I am a new user of Druid SQL, but generally quite familiar with SQL queries in several databases.

I am executing the following CTE with several transformations. However, I can not perform an order at the final query of my CTE.

You can see the following mock example:

WITH xx_orders AS (
  SELECT
    xx_dim
    , SUM(CASE WHEN field=some_value THEN 1 ELSE 0 END) AS xx_num_orders
    , "USER" AS user_xx
  FROM orders
  GROUP BY xx_dim
),

total_xx_orders AS (
  SELECT
    SUM(xx_num_orders) AS xx_num_orders_gen
    , "USER" AS user_xx
  FROM xx_orders
)

SELECT
  xxo.xx_dim
  , xxo.xx_num_orders
  , CASE WHEN xxo.xx_num_orders != 0 THEN (CAST(xxo.xx_num_orders AS DECIMAL) / CAST(txxo.xx_num_orders_gen AS DECIMAL)) * 100 ELSE 0 END AS xx_user_orders_percentage
FROM xx_orders AS xxo
LEFT JOIN total_xx_orders AS txxo
  ON xxo.user_xx = txxo.user_xx
ORDER BY rco.xx_num_orders

I am getting the following error:

Error: Unknown exception

Cannot build plan for query: WITH xx_orders AS...

I am doing this join, as I can not use any Window Function in Druid SQL.
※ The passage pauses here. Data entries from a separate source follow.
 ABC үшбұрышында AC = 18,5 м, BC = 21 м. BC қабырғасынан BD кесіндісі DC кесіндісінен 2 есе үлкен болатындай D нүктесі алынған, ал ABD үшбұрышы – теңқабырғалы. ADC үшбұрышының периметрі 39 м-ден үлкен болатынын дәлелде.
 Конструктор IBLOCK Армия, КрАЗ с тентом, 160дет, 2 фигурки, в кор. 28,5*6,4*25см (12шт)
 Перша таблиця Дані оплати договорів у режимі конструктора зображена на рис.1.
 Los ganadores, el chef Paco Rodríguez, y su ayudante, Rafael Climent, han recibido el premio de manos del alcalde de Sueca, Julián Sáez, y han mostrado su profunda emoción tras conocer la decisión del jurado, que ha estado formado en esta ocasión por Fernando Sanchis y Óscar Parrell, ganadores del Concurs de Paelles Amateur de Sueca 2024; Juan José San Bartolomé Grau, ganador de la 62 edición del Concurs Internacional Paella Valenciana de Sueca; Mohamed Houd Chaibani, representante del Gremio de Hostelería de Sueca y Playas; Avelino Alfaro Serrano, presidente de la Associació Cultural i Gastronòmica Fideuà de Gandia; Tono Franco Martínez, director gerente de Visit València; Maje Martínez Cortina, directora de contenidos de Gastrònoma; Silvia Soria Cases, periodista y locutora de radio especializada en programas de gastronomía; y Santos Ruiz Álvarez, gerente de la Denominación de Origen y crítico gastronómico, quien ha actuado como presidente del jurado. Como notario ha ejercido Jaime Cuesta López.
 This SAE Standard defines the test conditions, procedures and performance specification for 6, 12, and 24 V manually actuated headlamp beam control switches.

Please, do you have any idea why I can not use the final order by?

Thanks in advance,

George

Hey George :slight_smile:

Not sure specifically what the issue is here, but note that as your JOIN is between two table datasources, the Druid Sql interpreter is going translate this into sub-queries in order to get this to work. That could be the source of the issue as Druid is trying to do something behind the scenes with your data that isn’t what you expect.
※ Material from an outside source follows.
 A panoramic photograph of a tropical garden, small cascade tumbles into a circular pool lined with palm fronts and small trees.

Re: join anyway, it’s worth reading this article that explains how JOIN / SUBQUERY works in Druid at the moment, and what you need to be aware of re: execution.
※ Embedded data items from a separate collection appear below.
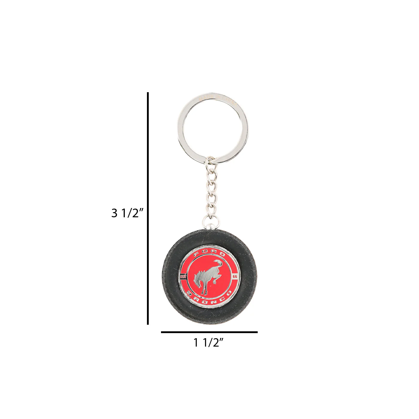 Celebrate six decades of Bronco adventure with this fun and detailed Bronco Tire Key Chain! Made from sturdy zinc alloy metal and featuring a rubberized tire. This key holder is built to roll with you wherever you go. The spinning Bronco wheel measures 40mm. The 35mm key holder makes it easy to clip onto your backpack. Sized just right at 3.5 inches tall, 1.5 inches long, it’s a charming way to show your Bronco pride. When it gets a little dirty from your adventures, just give it a quick wipe with a damp cloth to keep it ready to ride!
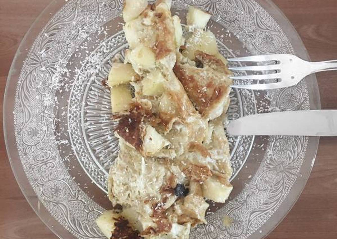 - Faire revenir les pommes dans une poêle. Mélanger le reste des ingrédients et verser sur les pommes.
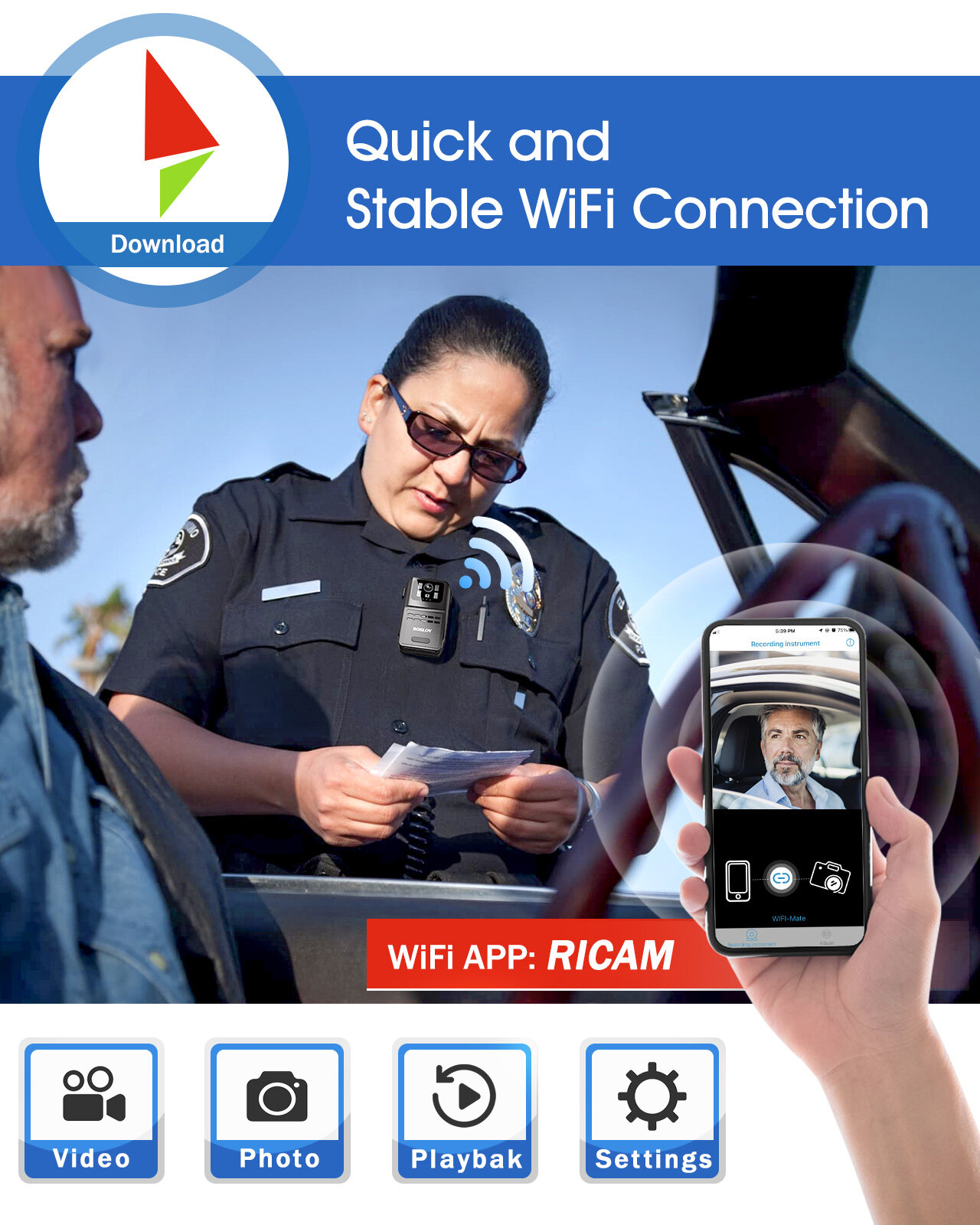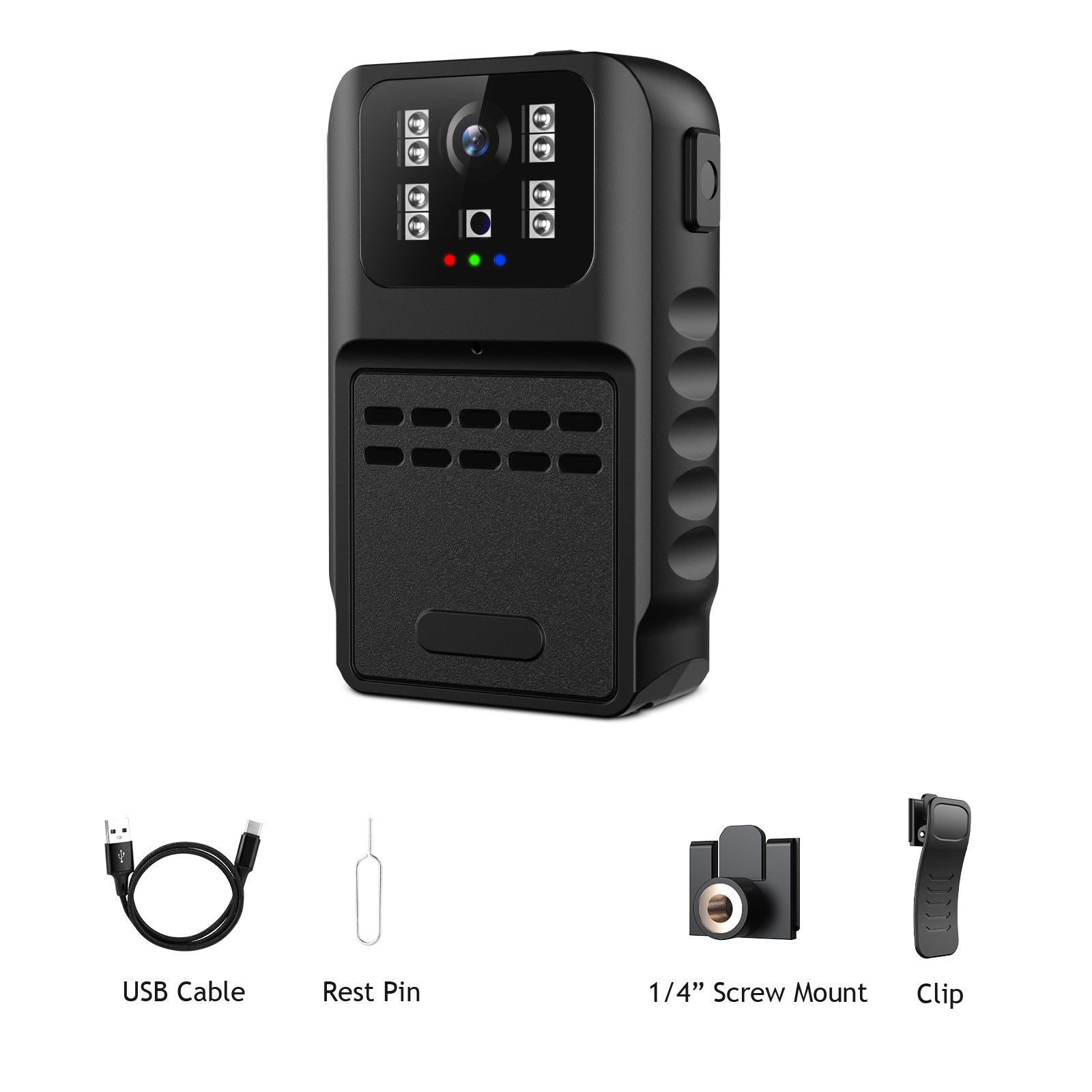 • Features 1080P/30fps, the mini body camera could connect to mobile phone app to playback/download/delete videos.

To that point, noting that Druid always likes to address just one table, are you able to flatten this before it hits Druid? Ie, so you don’t need a JOIN at all?

Also, have you just removed your __time clause for brevity? (I would expect to see that in a Druid-type query.)

For optimal execution, you may also want to just use a transform function at ingestion time to save having to calculate that CASE statement so it’s only evaluated once instead of at every query time.